Difference Between Positive and Negative Symptoms of Schizophrenia

Positive symptoms of schizophrenia and negative symptoms of schizophrenia define the illness and disrupt lives. What are the differences between them? Find out on HealthyPlace. Among schizophrenia’s many types of symptoms—cognitive, neurological, behavioral, and emotional—are categories known as positive symptoms of schizophrenia and negative symptoms of schizophrenia. Most schizophrenia symptoms in the DSM-5 fall into these two categories, and it’s the positive symptoms and negative symptoms that are the defining features of the mental illness we call schizophrenia.

Schizophrenia is an illness of the brain with a whole constellation of characteristics. The symptoms represent a range of experiences someone living with this serious mental illness can face. Everyone will possess some combination of symptoms, but no one has all of them (Are Schizophrenia Symptoms in Males and Females Different?).

By definition, schizophrenia involves having some positive symptoms and some negative symptoms. The positive and the negative symptoms exist together and comprise this serious mental illness.

Positive and Negative Symptoms of Schizophrenia Can Be Confusing

The terms “positive” and “negative” can be misleading. They sound like judgments, as if the positive symptoms are good and the negative symptoms are bad. This isn’t the case, however. “Positive” symptoms refer to characteristics that are added to someone’s state of being. “Negative” symptoms, in contrast, are characteristics that are removed from the person’s state of being.

The difference between positive and negative symptoms of schizophrenia is what they do to the person who is living with schizophrenia. Both types of symptoms impact the way he interacts with the world around him and within him. Schizophrenia positive symptoms create distortions and new ways of experiencing the world, while schizophrenia negative symptoms take things away.

Schizophrenia Positive Symptoms

The positive symptoms of schizophrenia involve hallucinations, delusions, disorganized speech, and disorganized or catatonic behavior.

  • Hallucinations add things to sensory perceptions.

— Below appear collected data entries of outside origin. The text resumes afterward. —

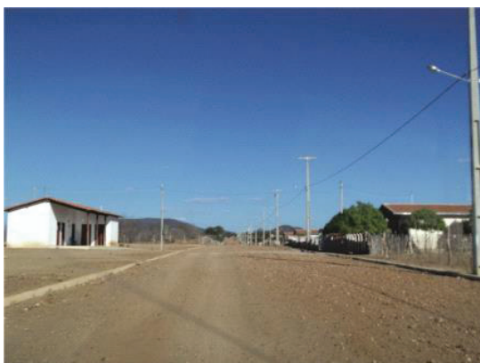
Fot. 2 - Rua principal da Vila Junco (Fotografia de Assis, out. 2013). Photo. 2 - Main street of Vila Junco (Photography of Assis, Oct. 2013).

Como pode ser observado na fot. 2, pela imagem da rua principal, com visão para o posto de saúde e uma série de casas, a vila é semelhante a um bairro residencial popular de programas sociais para moradia nos espaços urbanos do restante do Brasil. Os moradores disseram que houve melhoras nas condições de infraestrutura em relação aos lugares que antes eles moravam, mas, levantam uma série de problemas. Como rachaduras nas casas, que não existe assistência médica adequada, que a escola da comunidade não oferece ensino para todas as séries do ensino básico, etc. Sendo assim, eles reclamam de terem sempre que se deslocarem para as cidades vizinhas ou para o centro urbano de Cabrobó, enfrentando as estradas de fluxo intenso das obras da transposição, ou estradas paralelas de baixa qualidade.
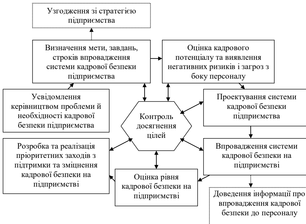
Рис. 2. Імплементация механізму дотримання кадрової безпеки в системі управління кадровою безпекою підприємства

При цьому визначальним при формуванні системи забезпечення кадрової безпеки є стратегія кадрової безпеки підприємства, яка являє собою сукупність пріоритетних цілей і управлінських підходів, реалізація яких забезпечує захист підприємства від будь-яких загроз, пов'язаних з кадрами.
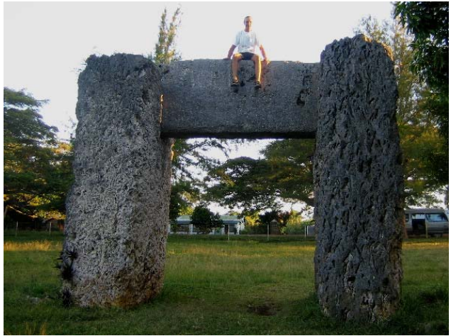
Ha'amonga 'a Maui og Bård

En av de største attraksjonene på Tonga, må vel være Trilitonen eller "Ha'amonga'a Maui" helt på østkysten av Tongatapu. Den antas å være ca 800 år. Det er ganske utrolig at folk på den tiden klarte å bygge slikt som dette av korallblokker hvor bare det synlige over bakken antas å veie over 40 tonn. Man trodde lenge at det var inngangen til kongens residens, og det var det kanskje også, men det var først i 1967 man fant ut at det var et redskap for å bestemme sommer- og vintersolhverv.
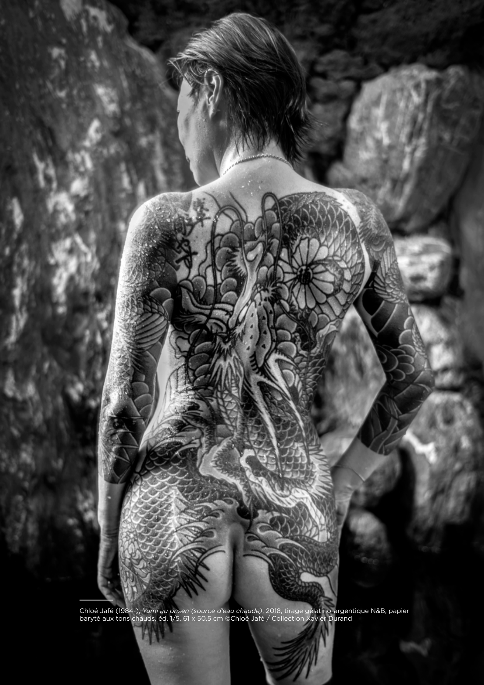
Chloé Jafé (1984-), Yumi au onsen (source d'eau chaude) , 2018, tirage gélatino-argentique N&B, papier baryté aux tons chauds, éd. 1/5, 61 x 50,5 cm
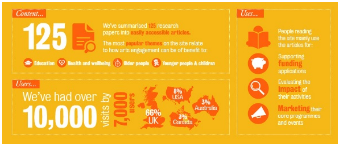
Infografia feta en motiu del primer aniversari de Culture Case | CultureCase

Com tracten d'aconseguir aquest propòsit? Presentant tots i cadascun dels documents mitjançant un resum previ, de no més de 300 paraules. Si bé és cert que el disseny d'aquest lloc web és força acadèmic i poc atractiu i intuïtiu, l'estil d'aquests resums s'inspira en l'esperit divulgatiu i en la llegibilitat dels articles periodístics , i tracta els continguts més rellevants de cada document, així com les seves principals conclusions. Per tant, és especialment a través d'aquests resums que més s'apropen a la seva intenció de fer accessible la recerca acadèmica.
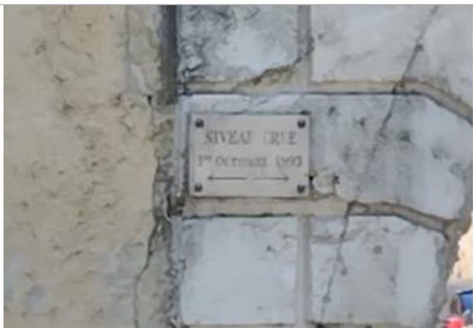
repère porte nord

Someone with schizophrenia might see, hear, feel, smell, or taste things that aren’t real.
  • Delusions add distortions to someone’s thoughts. She will think and believe things that aren’t logical or real.
  • Disorganized speech means that someone’s speech is difficult to follow or understand. He might get off track during a conversation or respond in ways that don’t make sense. Processes added to what usually happens in the brain cause this disorganization and difficulty in communication.
  • Disorganized behavior can be erratic, inappropriate, or bizarre. Patterns of interacting with the world are added to her “normal” patterns of interaction.
  • Catatonic behavior is withdrawn, can involve unusual positioning of the body, sitting in silence, staring at nothing. As with disorganized behavior, a different behavior pattern has been added to the person’s way of being in the world.

Schizophrenia Negative Symptoms

The negative symptoms of schizophrenia diminish the brain’s ability to process certain experiences and to respond or behave in particular ways. This can lead to:

  • Flat affect, where someone can’t show emotion and even the ability to smile is taken away
  • Decreased motivation and goal-driven behavior
  • Inability to make and pursue goals
  • Slowed reaction to other people, events, and happenings
  • Diminished speech (instead of disorganized, it is barely there; known as alosia)
  • Loss of ability to fully care about people or events (apathy)
  • Loss of ability to feel pleasure or happiness (anhedonia)

Someone with schizophrenia experiences some combination of both positive and negative symptoms. Whether they’re positive symptoms of schizophrenia, adding unwanted and unnecessary experiences and characteristics to the person or are negative symptoms of schizophrenia, removing desirable features, these symptoms greatly disrupt someone’s life, how he experiences it, and how he lives it.